Data to process

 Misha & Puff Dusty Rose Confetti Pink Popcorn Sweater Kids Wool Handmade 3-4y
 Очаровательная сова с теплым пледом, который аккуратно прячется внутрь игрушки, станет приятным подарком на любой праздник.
...
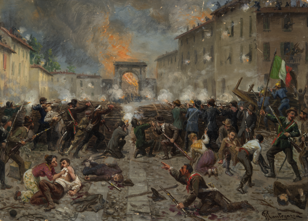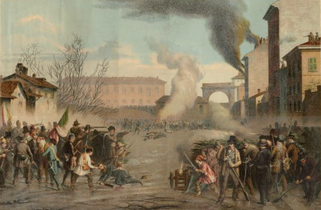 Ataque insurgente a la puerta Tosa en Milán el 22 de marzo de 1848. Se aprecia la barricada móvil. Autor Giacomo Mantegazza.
--
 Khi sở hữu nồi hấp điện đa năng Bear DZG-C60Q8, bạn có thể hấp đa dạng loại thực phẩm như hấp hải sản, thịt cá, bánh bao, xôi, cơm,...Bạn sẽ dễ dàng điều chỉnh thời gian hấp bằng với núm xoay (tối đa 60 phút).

What is needed
Output exactly the lines of the material above from the one containing "Misha & Puff" up to and including the one containing "Очаровательная сова с".

Answer to this problem
 Misha & Puff Dusty Rose Confetti Pink Popcorn Sweater Kids Wool Handmade 3-4y
 Очаровательная сова с теплым пледом, который аккуратно прячется внутрь игрушки, станет приятным подарком на любой праздник.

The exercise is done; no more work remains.